1. grammar G (S):
(1)S -> AB
(2)A ->Da|ε
(3)B -> cC
(4)C -> aADC |ε
(5)D -> b|ε
Verify grammar G (S) is not LL (1) grammar?
solution:
FIRST集:
FIRST(Da)={b,a}
FIRST (e) = {e}
FIRST(aADC)={a}
FIRST(b)={b}
FOLLOW集:
FOLLOW(A)=FIRST(B)+FIRST(B)+FIRST(B)+FOLLOW(C)={c,a,b,#}
FOLLOW(C)={#}
FOLLOW(D)={a,#}
SELECT set:
SELECT(A->Da)={b,a}
SELECT(A->ε)={c,b,a,#}
SELECT(C->aADC)={a}
SELECT(C->ε)={#}
SELECT(D->b)={b}
SELECT(D->ε)={a,#}
because:
SELECT(A->Da)∩SELECT(A->ε)≠∅
This grammar therefore not LL (1) syntax.

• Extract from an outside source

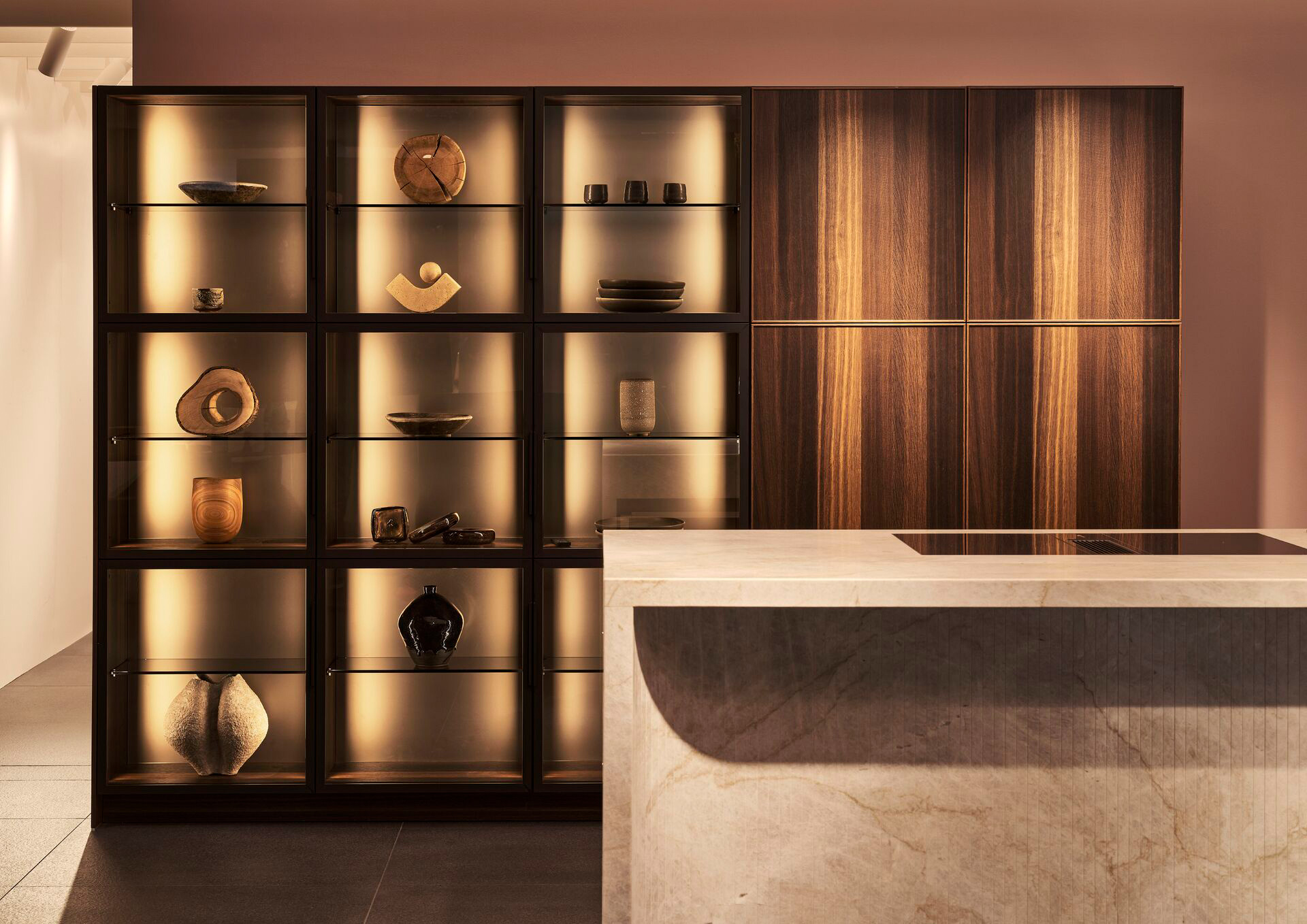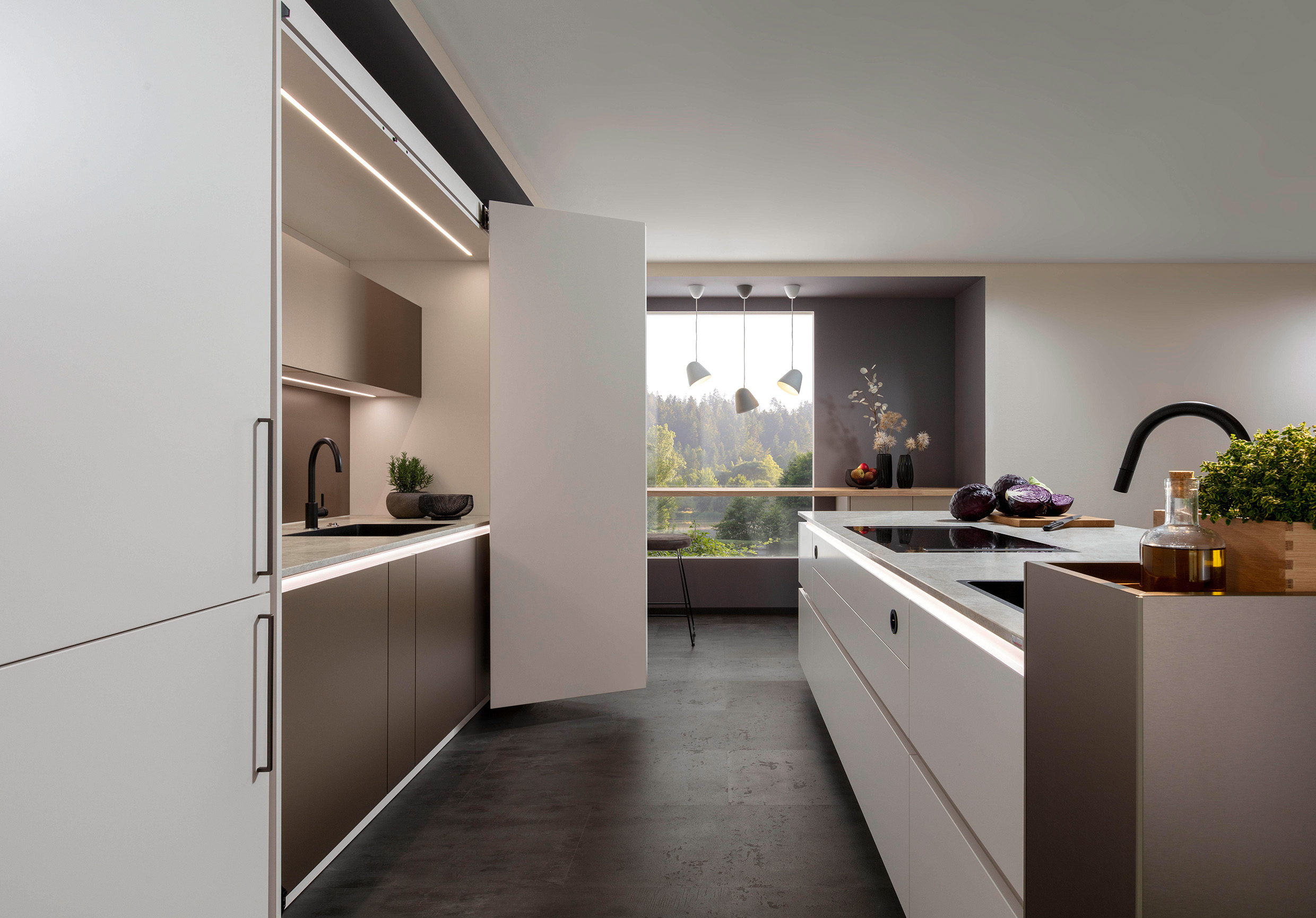 Hell, freundlich und fein akzentuiert mittels dezenter Lichtquellen wie zum Beispiel ein beleuchtetes Griffprofil in der Kücheninsel sowie schmale LED-Stripes im Arbeitsbereich, der sich mit Pocketdoors komplett verschließen lässt. (Foto: AMK)Â

2. Whether the expression grammar after the elimination of left recursion method is LL (1) grammar?
A: Yes, LL (1) grammar.
3. The connection 2, if it is LL (1) grammar, write its recursive descent parser code.
E()
{T();
E'();
}
E'()
T()
T'()
F()
answer:
void ParseE(){
Frset ();
ParseE'();
}
void ParseT() {
ParseF();
Frset '();
}
void ParseE'() {
switch(lookahead):
case +:
Match Token (+);
Frset ();
ParseE'();
break;
case #:
break;
case ):
break;
default:
printf('synax error!\n');
exit(0);
}
void ParseF() {
switch(lookahead):
case (:
Match Token (();
ParseE();
MatchToken());
break;
case i:
Match Token (in);
break;
default:
printf('synax error!\n');
exit(0);
}
void ParseT'()
{
switch(lookahead):
case *:
ParseF();
Match Token (*);
Frset '();
break;
case #:
break;
case ):
break;
case +:
break;
default:
printf('synax error!\n');
exit(0);
}
Experiment 4. Add a lexical analyzer, parser can form a run, analyzing any input symbol string is not a valid expression.